Additionally, as isolated as prisons are from the daily lives of most consumers, retail and payment trends do find their way into those institutions. Recent events in China and the U.K. demonstrated that.
Mobile and digital payments are making inroads into penitentiaries around the world. That’s not only for money going into prisons to help inmates purchase toiletries, foods and other products. The emerging trend also applies to funds going out of prisons — disbursements from prisoners who sometimes send home some of their wages for birthday gifts and other uses. The spread of digital payments within the world of prisons, however, is not without fraud.
The use of voice prints in prisons is reportedly raising civil rights concerns. That’s pretty much outside the scope of PYMNTS coverage, but is worthy of note. The rise of biometrics in payments and commerce — and the ongoing mainstreaming of facial recognition in particular — brings with it lawsuits and the whole scope of legal wrangling that will shape how those tools are used.

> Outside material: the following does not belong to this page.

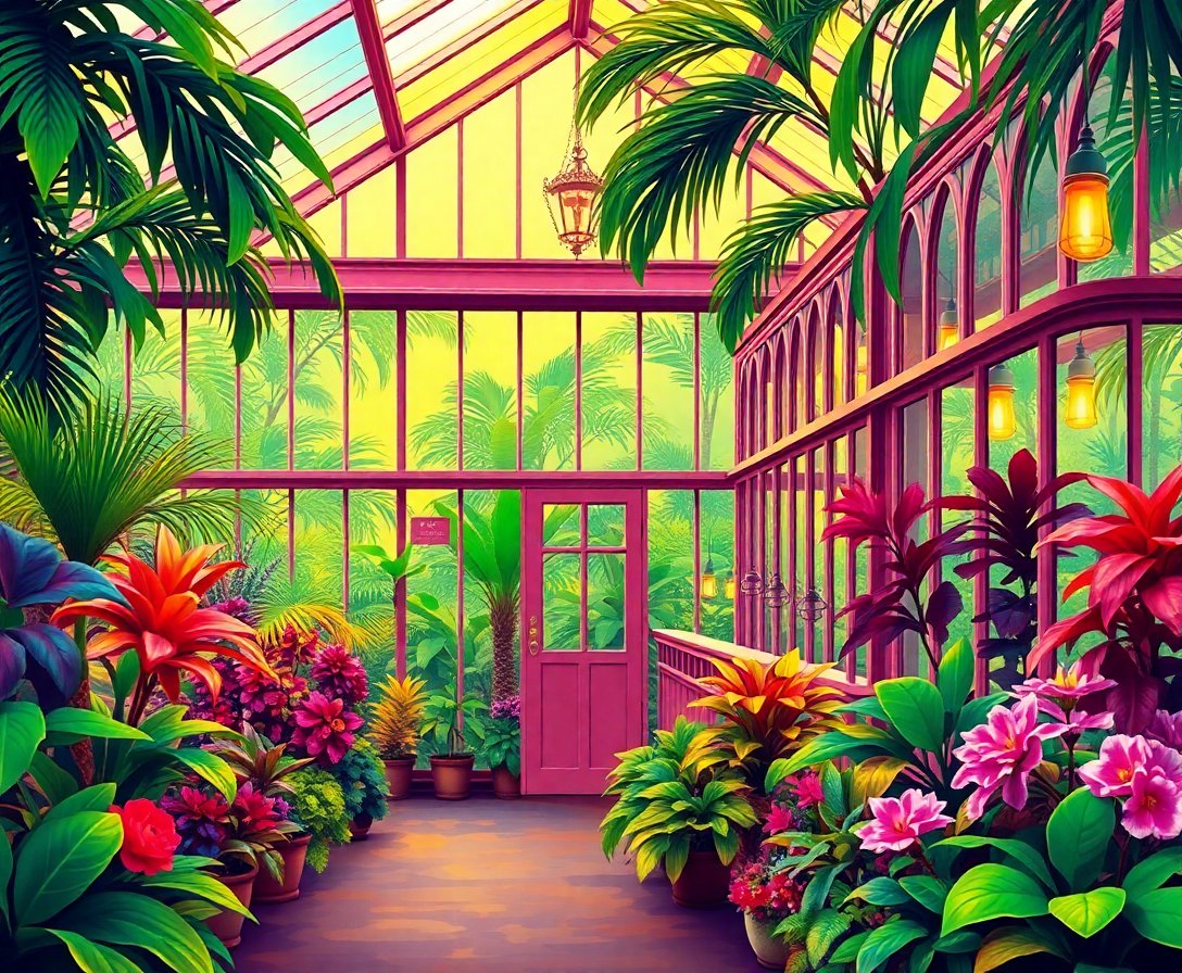 Ultimately, step back and admire your completed tropical conservatory scene. Moreover, the warm gaslight effects and atmospheric perspective create stunning visual depth. Consequently, your finished masterpiece becomes a captivating focal point for any room.

In late January, for instance, the Illinois Supreme Court ruled that a teen can sue Six Flags amusement park over the violation of an Illinois privacy law, in a case that could have repercussions for tech giants like Google and Facebook. That suit stems from the scan of a park visitor’s thumbprint for season pass entry. Were inmates or civil liberty organizations to file suit over the use of voice prints in prison, rulings made in those cases could also play a role in the use of biometrics in the days to come.
That’s in the future, and verges on the speculative. Yet, the news about voice prints and prison reminds us all that some of the technology and experiments that can one day influence retail and payments come from unlikely places.